The new home construction market grew last year, although the industry underperformed relative to Fitch's expectations going into 2014. Total housing starts grew 8.8% while new home sales advanced 1.2% during 2014. Existing home volume was off more than 3% due to fewer distressed homes for sale and somewhat limited inventory. Nevertheless, Masco's sales improved 4.3% and EBITDA margins increased almost 90 bps during 2014 compared with 2013. Housing activity is likely to ratchet up more sharply in 2015 with the support of a steadily growing economy throughout the year.

Masco ended the year with debt to EBITDA of 3.2x and interest coverage was 4.7x during 2014. The company also reported strong free cash flow (FCF: Operating Cash Flow less Capital Expenditures, Common Dividends and Dividends Paid to Non-controlling Interest), generating \$323 million (3.8% of sales) during 2014. Fitch expects these credit metrics will be relatively stable this year.

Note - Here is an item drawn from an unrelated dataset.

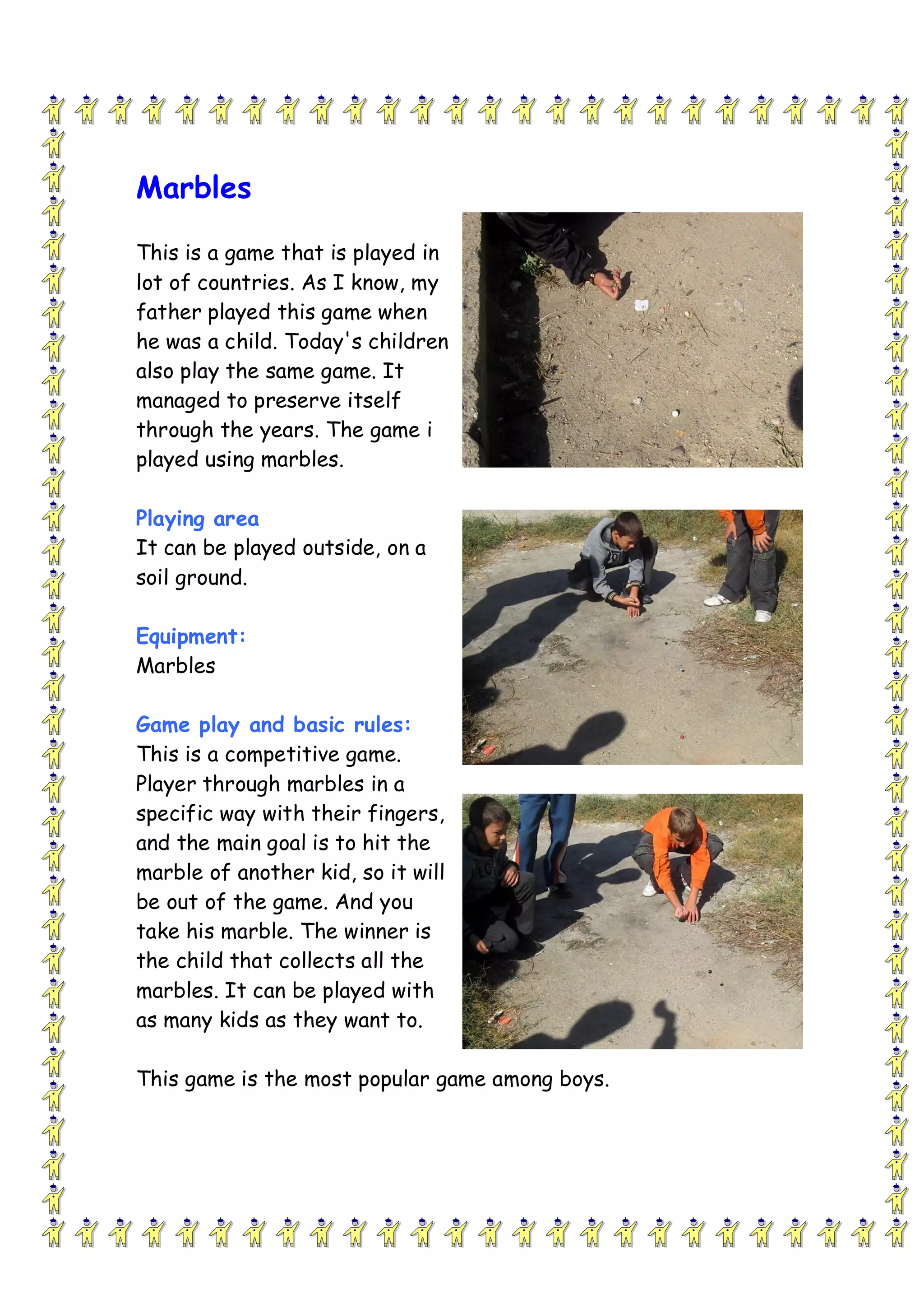 This document describes the classic children's game of marbles, where players take turns flicking marbles with their fingers to hit and capture other players' marbles, with the goal of collecting all marbles to win. Marbles has been played by children for generations in many countries using only marbles as equipment on an outdoor dirt surface. It remains a simple yet engaging competitive game for kids.

The Stable Outlook reflects Fitch's expectation that demand for Masco's products will continue to grow during 2015 as the housing market maintains its moderate recovery and home improvement spending increases at a steady pace. The Stable Outlook also incorporates Masco's solid liquidity position.

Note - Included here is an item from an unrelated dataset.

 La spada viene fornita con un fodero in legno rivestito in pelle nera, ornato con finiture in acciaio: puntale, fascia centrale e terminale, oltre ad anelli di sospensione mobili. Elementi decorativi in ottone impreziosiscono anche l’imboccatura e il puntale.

SPIN-OFF OF INSTALLATION AND OTHER SERVICES BUSINESS

In September 2014, Masco announced the spin-off of 100% of its Installation and Other Services businesses into an independent, publicly traded company through a tax-free stock distribution to Masco shareholders. This transaction is expected to be completed by mid-2015. This business had \$1.5 billion of revenues in 2014 (17.8% of total company sales) and \$86 million of adjusted EBITDA. Masco estimates that approximately 82% of this segment's sales are directed to the new home construction market, while repair and remodel accounts for about 18%.

While the spin-off will result in some loss of EBITDA, Masco's credit profile will benefit from lower exposure to the more volatile new home construction market. Masco estimates that its sales to the new home construction market will be reduced from 28% to 17% once the spin-off is completed. Between 2006 and 2010, during the major economic and construction downturns, sales from the installation business fell 67% from \$3.16 billion to \$1.04 billion. By comparison, sales from the company's other business segments declined 29.0% from \$9.23 billion to \$6.55 billion during the same period.

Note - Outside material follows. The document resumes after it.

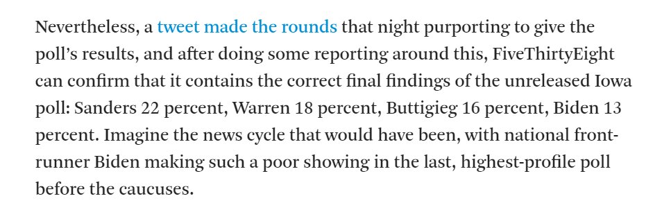 We can confirm the final results of the unreleased Iowa Poll: Sanders 22% Warren 18% Buttigieg 16% Biden 13%https://fivethirtyeight.com/live-blog/iowa-caucus-2020-election-live/254963/ …
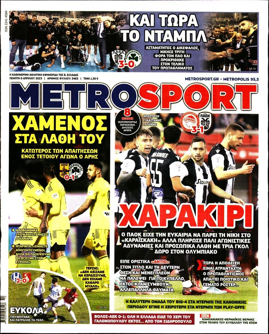 Τα αθλητικά πρωτοσέλιδα της ημέρας(06/04)

The company's EBITDA margin post-spin will also improve, as the EBITDA margin of the installation business was about 620 bps below the total company EBITDA margin during 2014.

Excluding the financial results from the Installation and Other Services business, Fitch expects leverage will settle around 3.3x at year-end 2015. Similarly, interest coverage is projected to be roughly 4.5x during 2015.

CAPITAL ALLOCATION

In September 2014, Masco also announced the implementation of a share repurchase program for an aggregate of 50 million shares of its common stock, representing about \$1.2 billion at the share price upon the announcement. The program will be funded with FCF and cash on the balance sheet. The company also expects to receive about \$200 million from the spin-off of the installation business.

Masco expects to execute the share repurchase program over a multi-year period, starting in the 4Q'14. The company repurchased 5 million shares or about \$124 million during 4Q'14 and expects to buy back between \$400 million and \$500 million in 2015.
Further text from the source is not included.